Pedant time: That actually wouldn’t kill any process that’s already loaded in memory and running. Unless the process attempts to access something else from the filesystem and crashes.
It's easy. Just open up a terminal and type
kill $PID
(Replace the $PID with the process id of the process) if you don't know the process id you can do
killall process_name
If these don't work you can add a -9
to banish them and give them no chance to resist
With suicide, you have a chance to get your affairs in order. kill -9 $$
is hiring an assassin to kill you and not tell you when it will happen. It happens suddenly without warning.
You can do
ps aux | grep -i <part of process name>
and the PID is in the second column of the output. However for this use case I recommend a process manager like htop or btop
You probably want to get on the habit of using pkill instead of killall in case you're ever on a different system. You could have a surprise.

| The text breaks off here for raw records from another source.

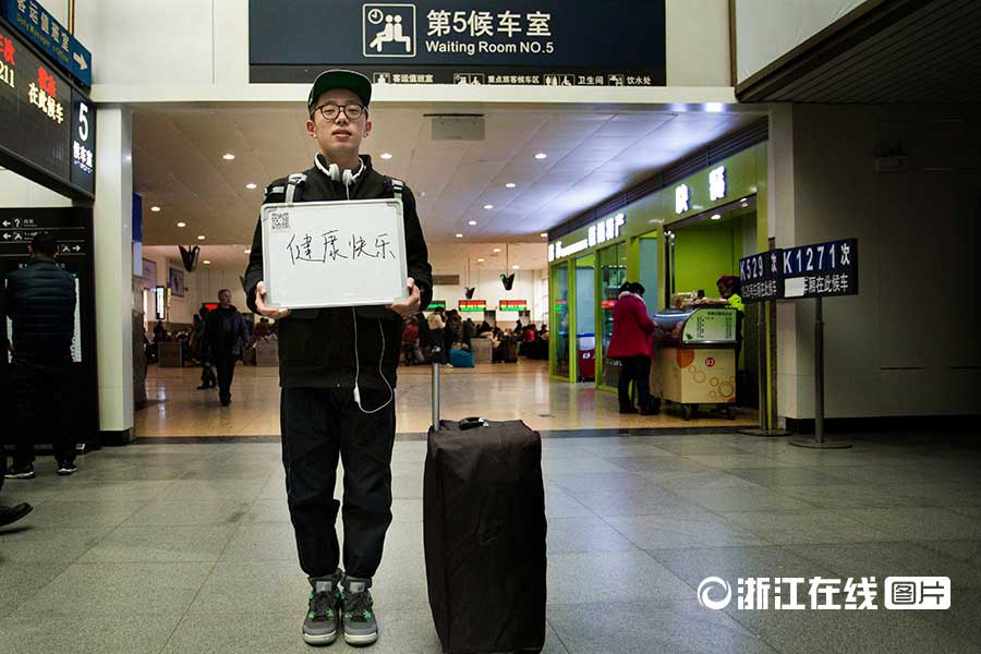 Our reporters carried out a series of random interviews with travelers, seeking to know their wishes for the New Year in the Hangzhou Railway Station on the first day of the Spring Festival travel rush.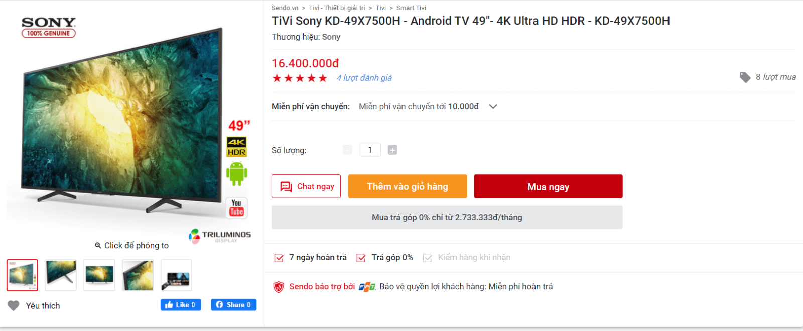 Tìm hiểu hình thức mua hàng trả góp 0% trên Sendo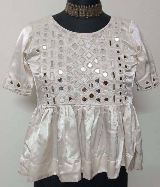 Buy Off White Gaji Silk Peplum Mirrorwork Kurti | Godhuli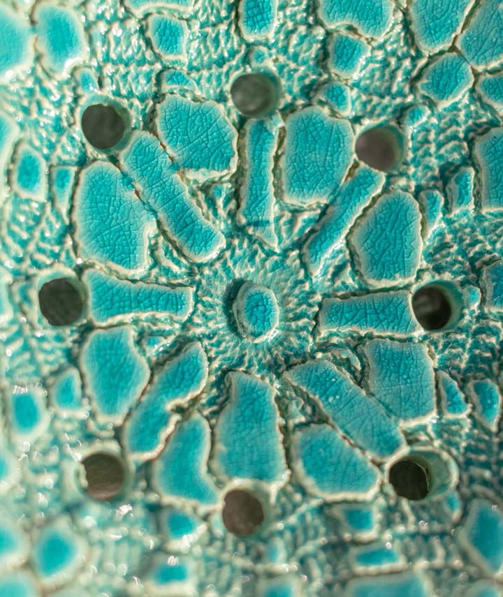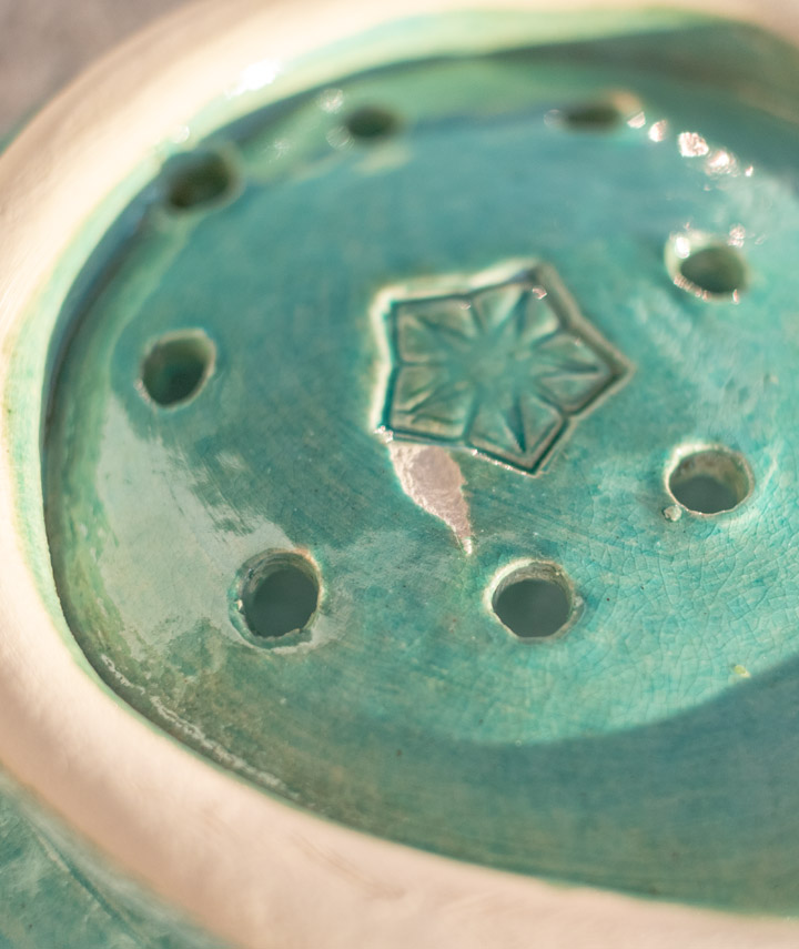 Jegliche Asymmetrie, Haarrisse, unregelmäßige Markierungen, Texturen und Oberflächen sind Teil der natürlichen Landschaft und Natur handgefertigter Keramik und können genossen werden.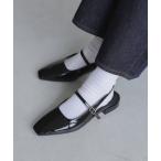 パンプス レザー調 スクエアトゥ バックオープン ストラップ パンプス
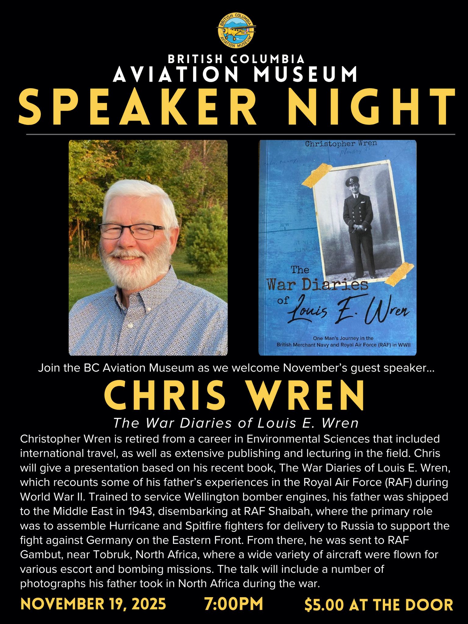 Join the BC Aviation Museum as we welcome November's Guest Speaker, Chris Wren. Chris will be speaking at the museum Wednesday, November 19th at 7pm, tickets can be purchased at the door for $5 a head.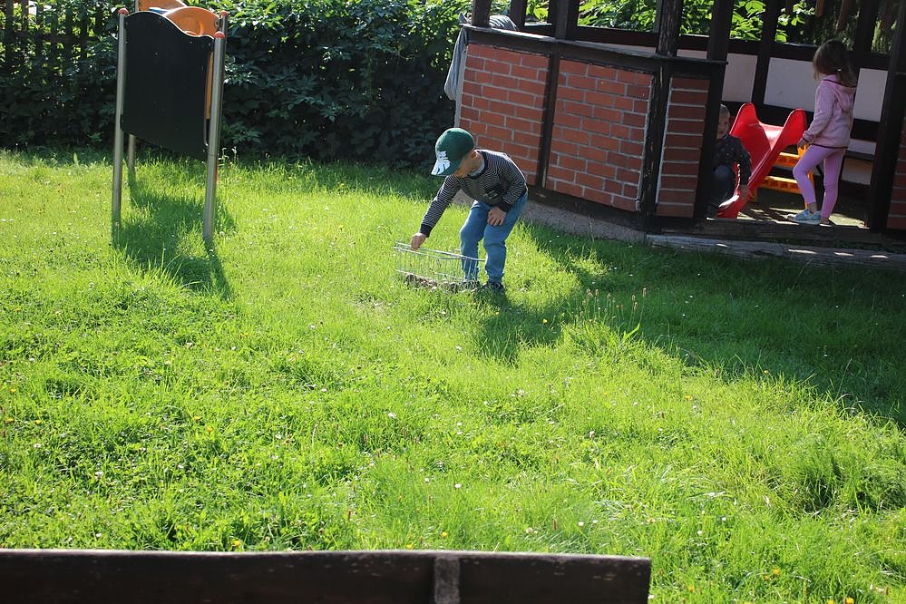 An anderer Stelle wurde auf der Spielwiese heruntergefallenes Obst aufgelesen. Auch Steine und heruntergefallene kleins Äste wurden bei dieser Aktion gesammelt. Spielend Saubermachen kam gut an und machte die Kindern Spaß.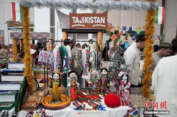 本地时光4月26日,哈萨克斯坦阿斯塔纳,亚洲彼此合作取信赖步伐集会(CICA)文牍处举行秋季慈悲义售举动,多邦驻哈中接机构携特性工艺品及特征食物明相。图为观光者正在华夏使馆铺台收购工艺品。中新社记者 单璐 摄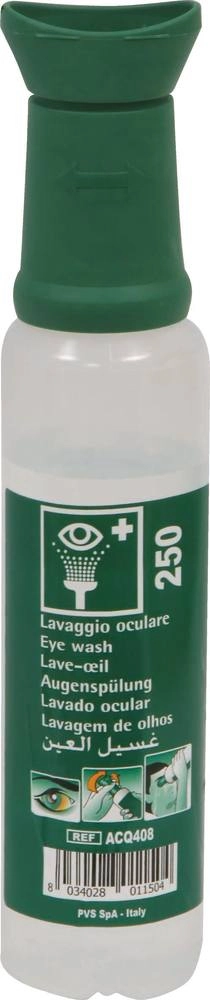 - Flacon lave oeil de 250ml de sérum physiologique stérile permettant un rinçage oculaire immédiat et abondant lors de projections de particules solides (poussière, sciure)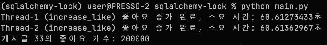 Pessimistic Lock을 사용한 경우 게시글의 "좋아요"를 100,000개 증가시키는 데에 약 60초 가량이 걸렸다.
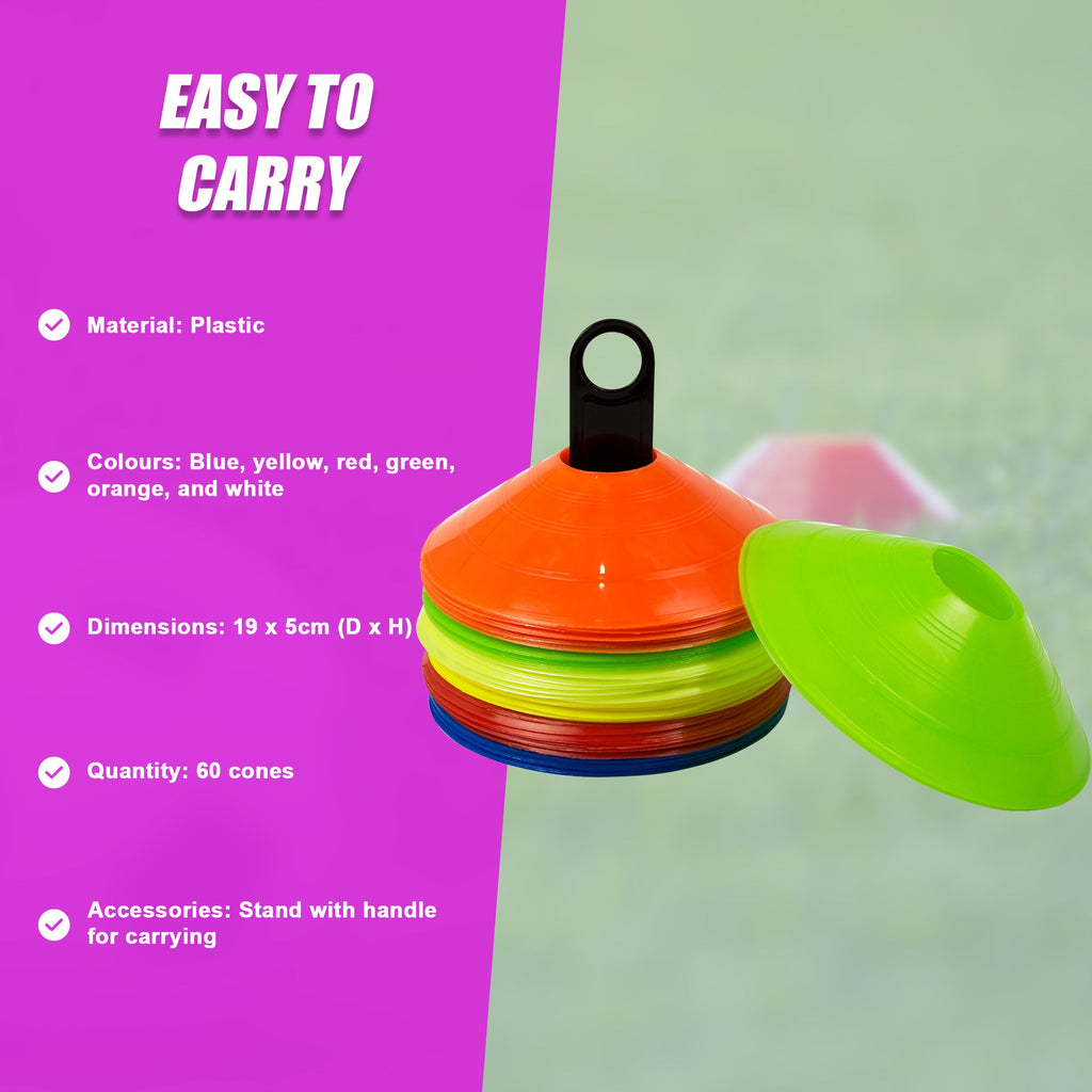 Unlike Most Markers Or Cones This Set Of 60 Cones From Randy Travis Machinery Are Durable And Brightly Coloured Making Them Especially Valuable Training Aids For Younger Players Who Often Are So Focused On Learning Their Skills That They Don't See The Markers. They're Perfect For Teaching Agility And Speed In Basketball Soccer Hockey Players Or Any Other Athlete Whose Sport Requires Quickness Of Foot Quick Starts And Turns. Crafted From Forgiving Yet Tough plastic These Cones Can Take All Your Athletes Give Out Yet Give Easily To Prevent Injury In Case Of A Collision. They're Stackable And Come With An Easy-Carry Stand With A Handle So You Can Carry It Easily From Your Home Or Office To The Sports Venue. Don't Start The Next Season Without These Cones. Get Yours Today

I remember that kid! She was friends with that boy named Sue, right? Both of them always hanging out with little Bobby tables?
xkill (assuming GUI and not headless/remote)
xkill lets you click on any X application, at which point it will close the X server connection. In most cases the client application will self-terminate at the loss of the X connection. It's wonderfully straightforward.
True, xkill is super easy to use. Who needs a task manager, if you can just click on the program you want to close.
KWin has this shortcut (Ctrl + Win + Esc) that turns your cursor into a skull that kills the windows you click on
I use the terminal on a daily basis. My job involves writing software for terminals.
Ctrl+Meta+Esc in KDE is still how I kill a misbehaving graphical app.